Investor's wiki

SEC Form TA-1

SEC Form TA-1

What Is Form TA-1?

SEC Form TA-1 is a form used to officially apply for or change registration as a transfer agent.

A transfer agent is a trust company, bank, or comparative financial institution assigned by a corporation for the motivations behind maintaining its shareholders' all's financial records and tracking every investor's stock balance.

Understanding SEC Form TA-1

SEC Form TA-1 is utilized to apply for registration as a transfer agent. Contingent upon the type of organization applying, a SEC form TA-1 is submitted to one of four regulatory agencies. Those agencies include:

  1. the Comptroller of the Currency;
  2. the Board of Governors of the Federal Reserve System;
  3. the Federal Deposit Insurance Corporation (FDIC); or
  4. the Securities and Exchange Commission (SEC).

The job of a transfer agent is to keep track of individuals and organizations that own its stocks and bonds. Transfer agents are most frequently banks or trusts, yet here and there companies can act as their own agents. The provisions that manage transfer agents are covered under Section 17A(c) of the Securities Exchange Act of 1934.

The transfer agent's duties incorporate recording transactions, dropping and giving certificates and processing investor mailings and manages other investor issues, like lost or taken certificates. A transfer agent works closely with a registrar to guarantee that investors receive interest payments and dividends when they are due, and to send month to month investment statements to mutual fund shareholders.

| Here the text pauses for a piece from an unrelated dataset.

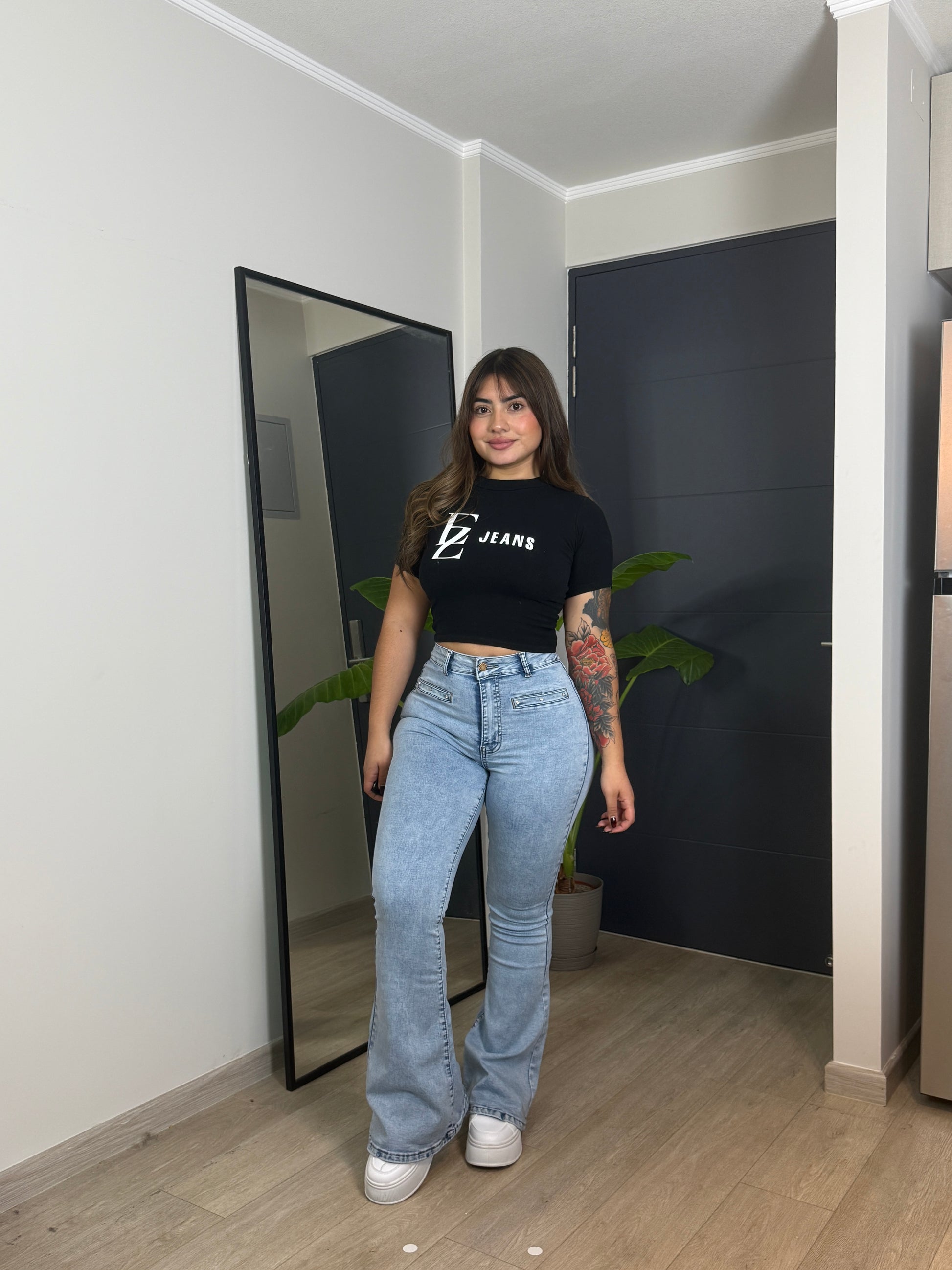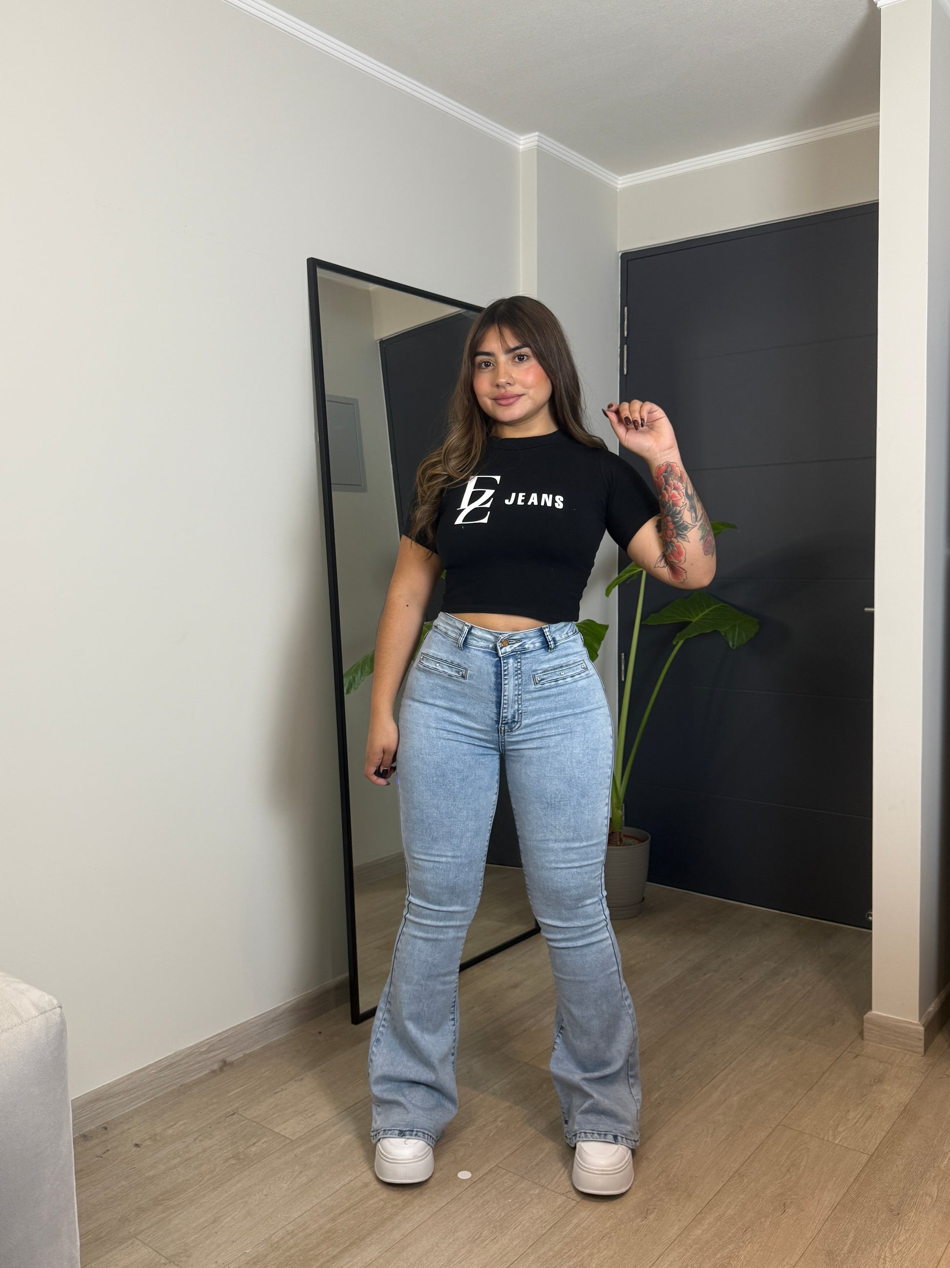 MB2065 (J5) | Flare Celeste Jaspeado Bolsillo Escondido | Menina | Venta Por Mayor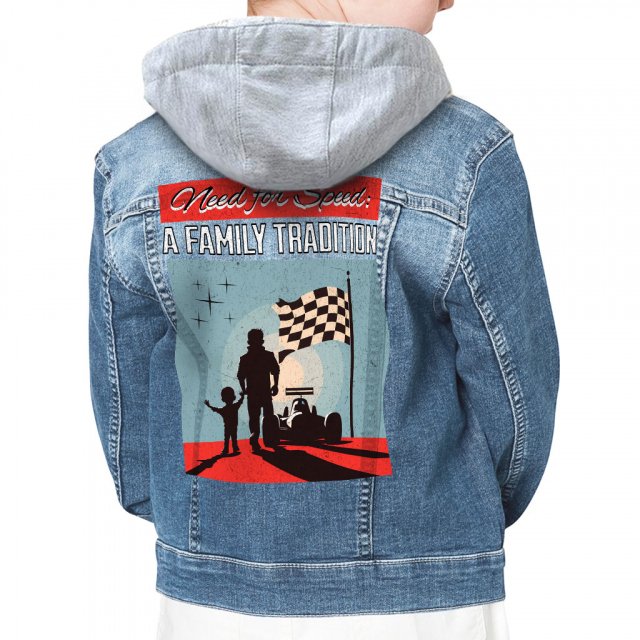 Racing Hero Hooded Denim Jacket for Kids

Rules and Regulations of Transfer Agents Under Section 17A

Since transfer agents serve both giving companies and security holders, efficient transfer agent operations are critical to the effective completion of secondary trades. Section 17A(c) of the Securities Exchange Act of 1934 expects that transfer agents be registered with the SEC, or on the other hand assuming that the transfer agent is a bank, with a bank regulatory agency.

No self-regulatory organization (SRO) supervises transfer agents, subsequently the SEC has rules and regulations for all registered transfer agents. The SEC rules exist to facilitate accurate clearance and settlement of securities transactions, and guarantee the defending of securities and funds. The SEC rules in regards to transfer agents incorporate least performance standards with respect to the issuance of new certificates and related record-keeping and reporting rules, and the brief and detailed creation of security holder records. The SEC additionally directs normal reviews of transfer agents.

It is unlawful for a transfer agent to perform any transfer agent capabilities without being registered. A transfer agent must apply for registration on SEC Form TA-1 with their suitable regulatory authority (ARA), and the registration must then become active prior to directing any business with securities. Registration of a transfer agent becomes effective 30 days after receipt by the ARA of the application for registration.

Features

  • The form is required of transfer agents compliant with Section 17A(c) of the Securities Exchange Act of 1934.
  • A transfer agent is a financial firm accused of maintaining records and accounting for a public company's shareholder accounts.
  • SEC Form TA-1 is to be utilized to register or correct registration as a transfer agent with the federal financial regulators.